Trivial means that it doesn't do any funny business when creating, destroying or copying objects. Standard-layout means that it doesn't do any funny business with the layout of data members: no polymorphism, and restrictions on what you can do with access specifiers and inheritance. These terms are fully defined in C++11 9/6 and 9/7, if you want more detail.
Nested types (such as your enumeration), static data members and non-virtual member functions (apart from constructors etc. which would make it non-trivial) will not effect any of those things, so it is still POD.
UPDATE: Since you say you're interested in historic definitions, C++03 defined:
9/4 A POD-struct is an aggregate class that has no non-static members of type non-POD-struct, non-POD-union (or array of such types), and has no user-defined copy assignment operator and no user-defined destructor"
8.5.1/1 An aggregate is an array or class with no user-declared constructors, no private or protected non-static data members, no base classes and no virtual functions.
So there were more restrictions; but nested types were still allowed.
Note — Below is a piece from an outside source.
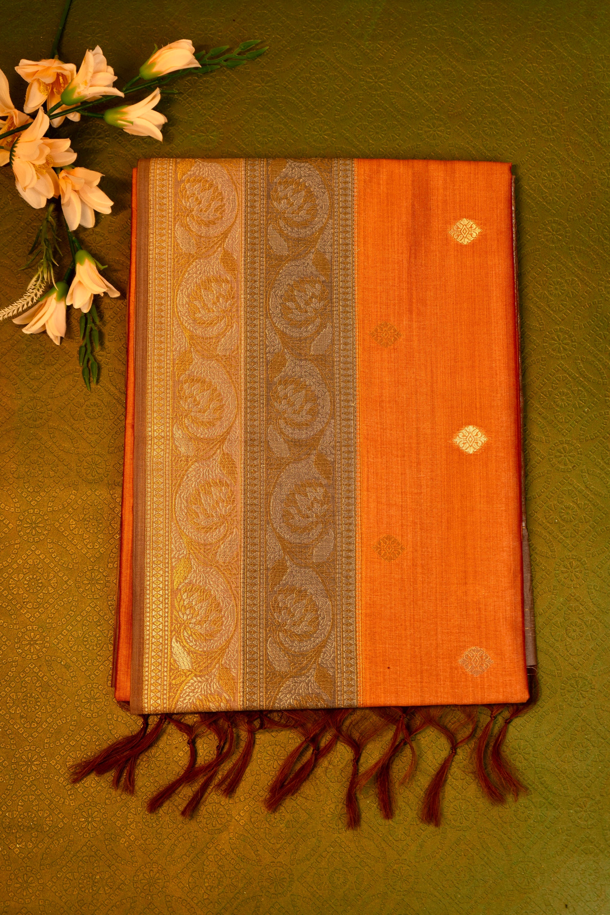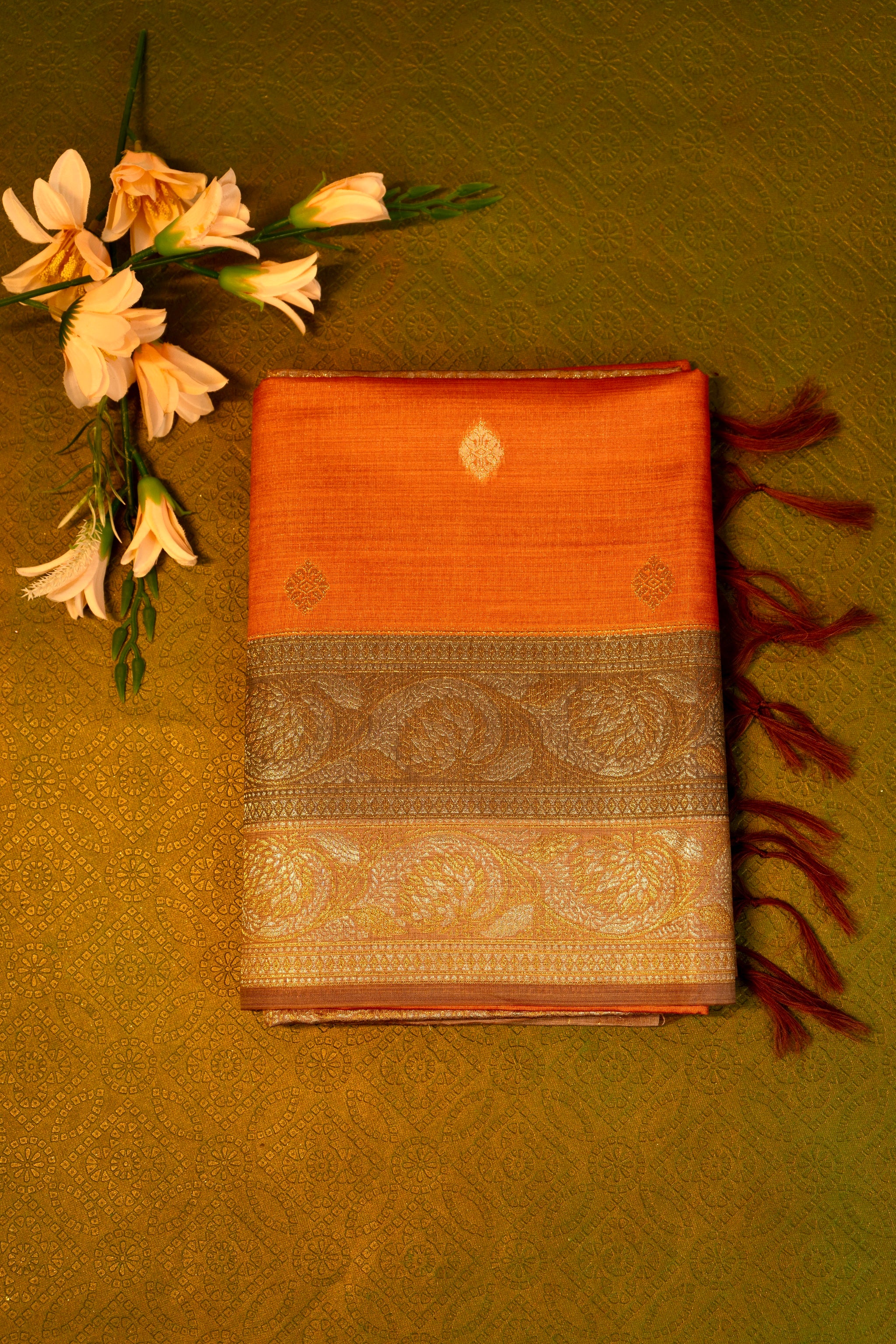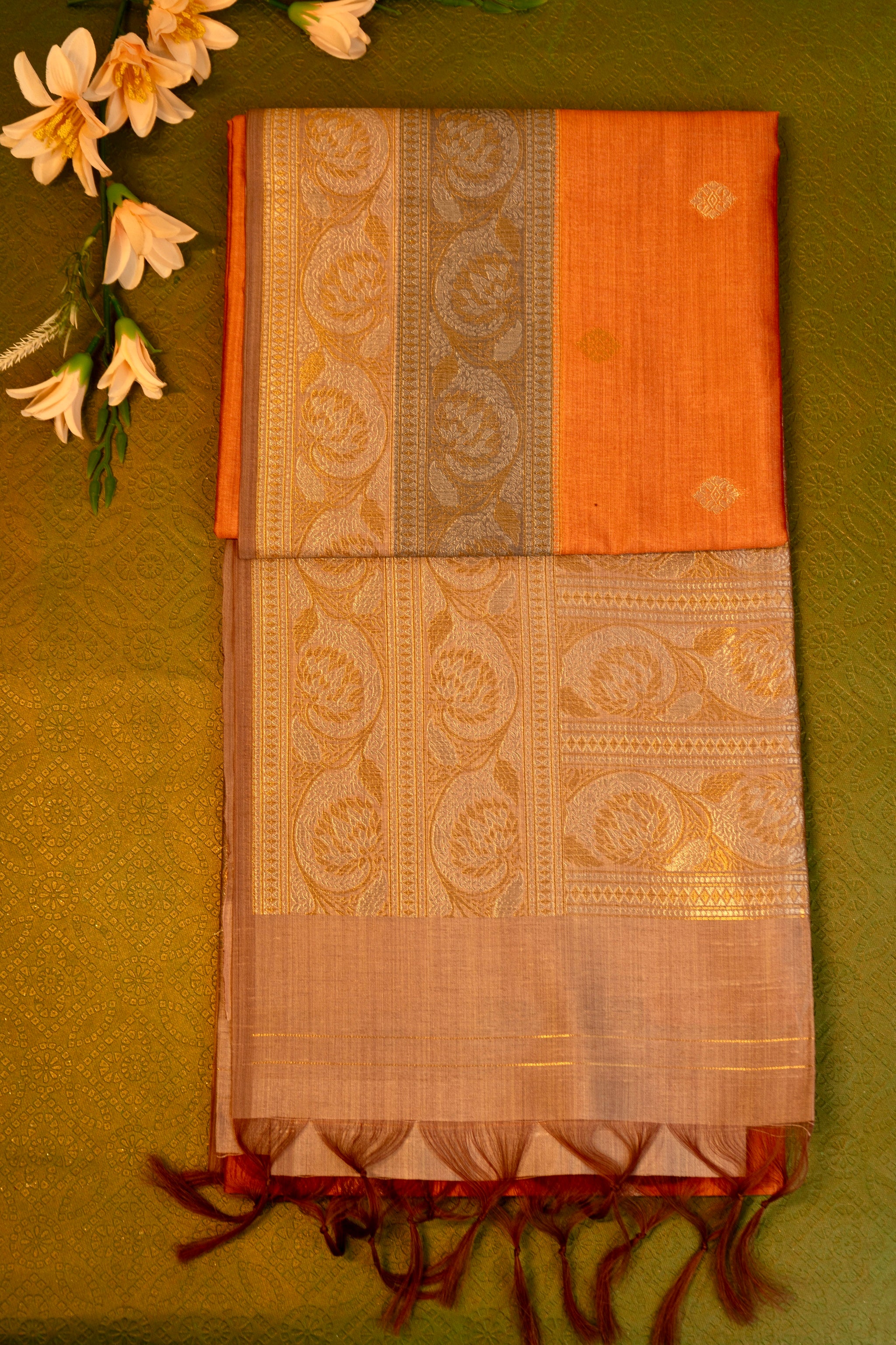 This soft silk saree in orange features a luxurious gold zari border adorned with delicate floral motifs. Small butta patterns woven throughout the body add subtle texture, creating a refined and elegant look perfect for sophisticated occasions.
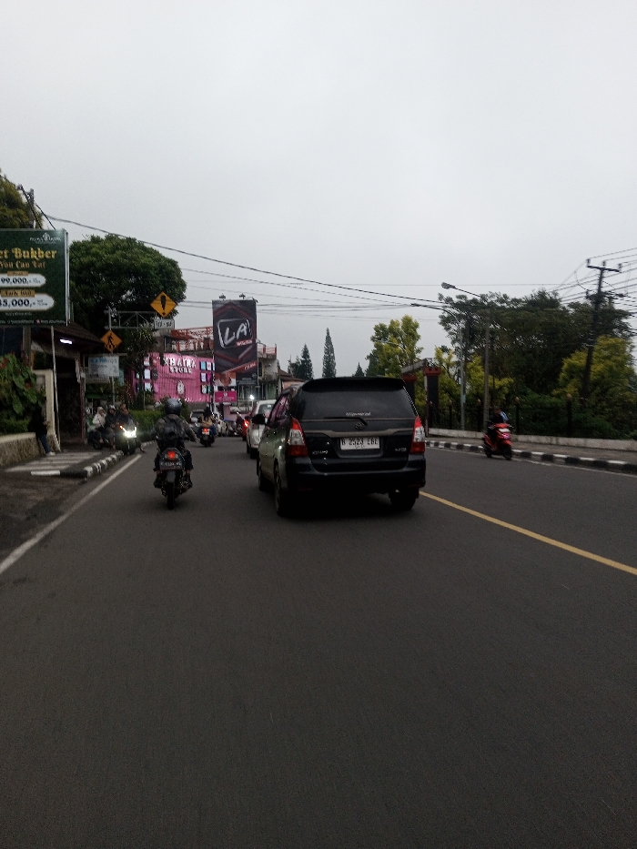 The image displays a daytime street scene under an overcast sky. An asphalt road, delineated by a solid white line on the left edge and a solid yellow line on the right, carries vehicular traffic moving away from the viewer. On the left, a pedestrian walks on a raised sidewalk with black and white striped curb markings. Behind the sidewalk, a building features a large green sign advertising "Net Bukker" with "MAKAN SEPUASNYA" (Eat as much as you want) and visible price points. Further along the street on the left, another commercial building displays multiple illuminated signs, including "LA Light" branding and "HAIR STORE," in pink and black. Dense green foliage and trees are visible on an elevated area behind these structures. On the right side of the road, a concrete barrier with black and white stripes separates the road from a vegetated embankment populated with green trees. Utility poles supporting numerous overhead power or communication lines are present along the right side and extend across the upper portion of the frame. Vehicles dominate the central and right portions of the road. A dark-colored SUV, specifically a Toyota Innova with Indonesian license plate B 2523 EBE, is positioned in the mid-ground, moving away. To its left, a motorcyclist wearing a dark helmet and jacket operates a motorcycle with Indonesian license plate B 6136 FHU, also moving away. Additional motorcycles and at least one other car are visible in the left lane behind the foreground motorcycle. A red scooter with a rider is visible on the far right, also moving in the same direction. Based on the Indonesian license plates and language on the signage, the location is identified as Jakarta, Indonesia, not Chagzam_Pam, Bhutan.

I don't have a copy of C++98, but I'm sure that would be identical to C++03.
It doesn't make any difference regarding POD status because defining a nested enum does not add data members to the class. In fact, you could also define a nested class that is not POD inside pod1 and it would still not make a difference regarding the PODness of pod1.
The enum POD_TYPE is a type and won't effect the layout, we can see this from the draft C++ standard section 9.2 Class members paragraph 1 which says:
[...]Members of a class are data members, member functions (9.3), nested types, and
enumerators. Data members and member functions are static or non-static; see 9.4. Nested types are classes (9.1, 9.7) and enumerations (7.2) [...]
as opposed to data members and we can further see that the definition of a standard layout class depends only on data member from paragraph 16 which says:
Two standard-layout struct (Clause 9) types are layout-compatible if they have the same number of non-static data members and corresponding non-static data members (in declaration order) have layout-compatible types (3.9).
and we further see going back to section 9 Classes paragraph 10 which says(emphasis mine):
A POD struct108 is a non-union class that is both a trivial class and a standard-layout class, and has no non-static data members of type non-POD struct, non-POD union (or array of such types). Similarly, a POD union is a union that is both a trivial class and a standard layout class, and has no non-static data members of type non-POD struct, non-POD union (or array of such types). A POD class is a class that is either a POD struct or a POD union.
As far as I can tell the pre C++11 standard does not diff much in the above items.
Related
Standard-layout class describes a standard layout class that:
has no non-static data members of type non-standard-layout class (or array of such types) or reference,
has no virtual functions and no virtual base classes,
has the same access control for all non-static data members,
has no non-standard-layout base classes,
has all non-static data members and bit-fields in the class and its base classes first declared in the same class, and
given the class as S, has no element of the set M(S) of types as a base class, where M(X) for a type X is defined as:
If X is a non-union class type with no (possibly inherited) non-static data members, the set M(X) is empty.
If X is a non-union class type whose first non-static data member has type X0 (where said member may be an anonymous union), the set M(X) consists of X0 and the elements of M(X0).
If X is a union type, the set M(X) is the union of all M(Ui) and the set containing all Ui, where each Ui is the type of the ith non-static data member of X.
If X is an array type with element type Xe, the set M(X) consists of Xe and the elements of M(Xe).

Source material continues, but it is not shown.